Shock Compression and Release of a-axis Magnesium Single Crystals: Anisotropy and Time-Dependent Elastic-Inelastic Response

To understand the role of crystal anisotropy on shock-induced inelastic deformation in hexagonal close-packed metals, magnesium (Mg) single crystals were subjected to shock compression and release along c- and a-axes to 3.0 and 4.8 GPa elastic impact stresses. Wave profiles, measured using laser interferometry, showed a sharply peaked elastic wave followed by a plastic wave and time-dependent response.
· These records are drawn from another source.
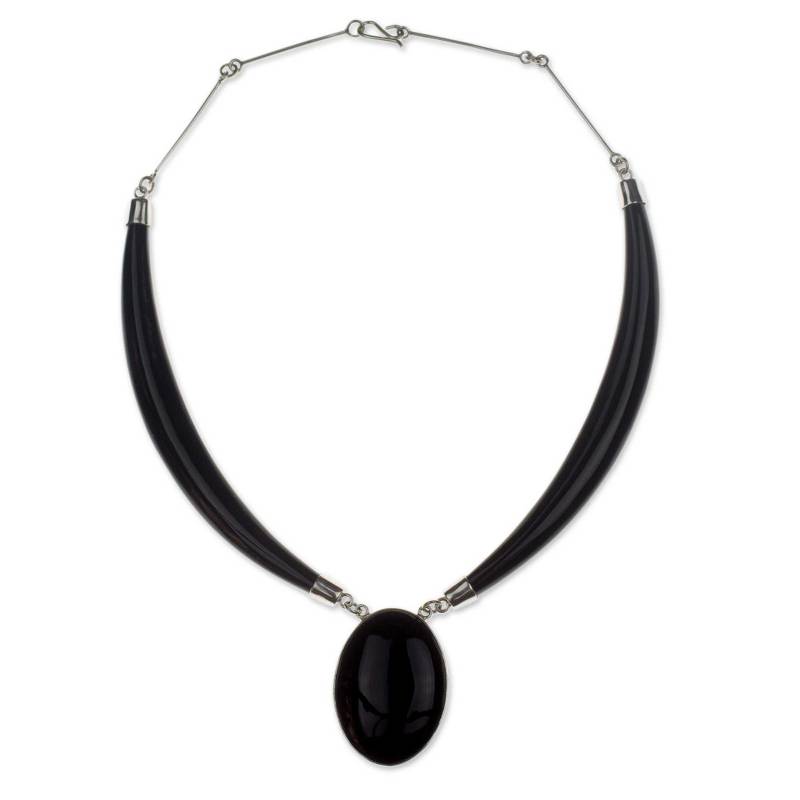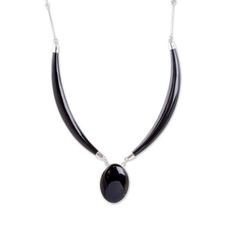 Delivery Estimate"The design of this necklace is very special to us, because we're carving large pieces of black jade and we're loving the final result," confide Ruben and Gilda Perez. They craft the necklace by hand with the luminous sheen of sterling silver for a stunning contrast.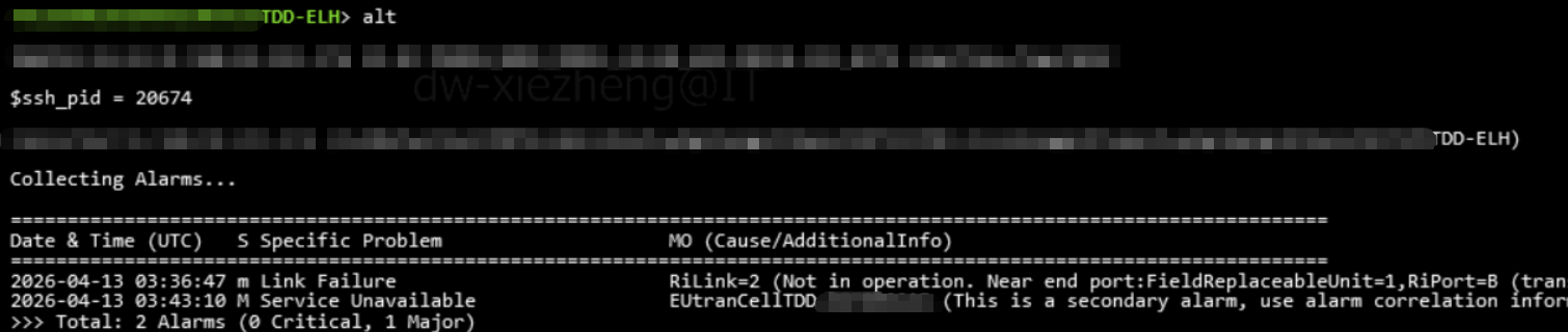 此类告警会反复上小区退服工单,白天严重影响用户感知。经查询,当前小区状态不可用,光链路连接失败告警。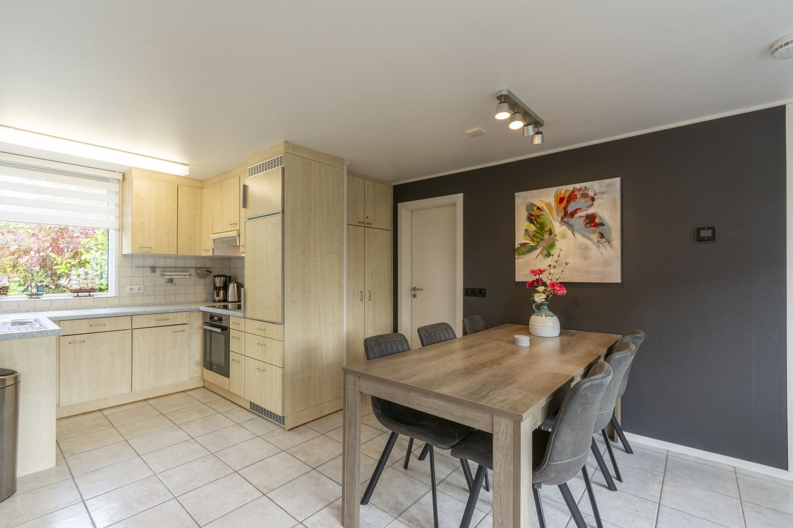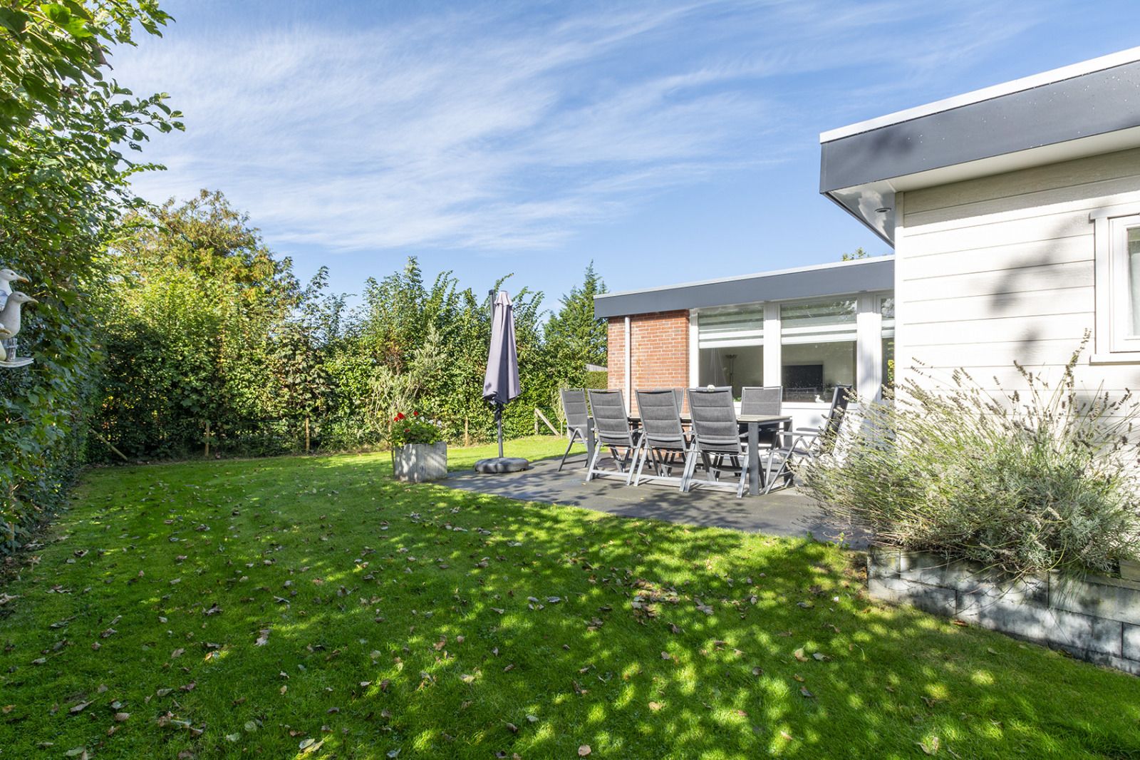 La maison dispose de quatre chambres spacieuses, de deux salles de bains et d'une salle de séjour lumineuse avec un coin salon confortable. Dans la cuisine ouverte, vous trouverez tous les équipements nécessaires pour cuisiner ensemble. Par les portes-fenêtres, vous accédez au grand jardin, où vous pouvez faire un barbecue, prendre un bain de soleil ou simplement vous détendre dans la verdure.

Compared with c-axis Mg, the elastic wave amplitudes for a-axis Mg were lower and less attenuation of the elastic wave amplitude was observed. The featureless release wave for a-axis Mg was in marked contrast to the structured features observed for c-axis Mg. Numerical simulations, using a time-dependent anisotropic modeling framework, showed that the wave profiles calculated using either prismatic slip or (10\=12) twinning, individually, do not match the measured a-axis compression profiles but a good match is obtained when both are incorporated together. In contrast, prismatic slip alone provides a reasonable match to the measured release wave profiles. The experimental results and the corresponding simulations for c- and a-axis Mg demonstrate the important role of crystal anisotropy on the time-dependent inelastic deformation response of shocked and released Mg single crystals.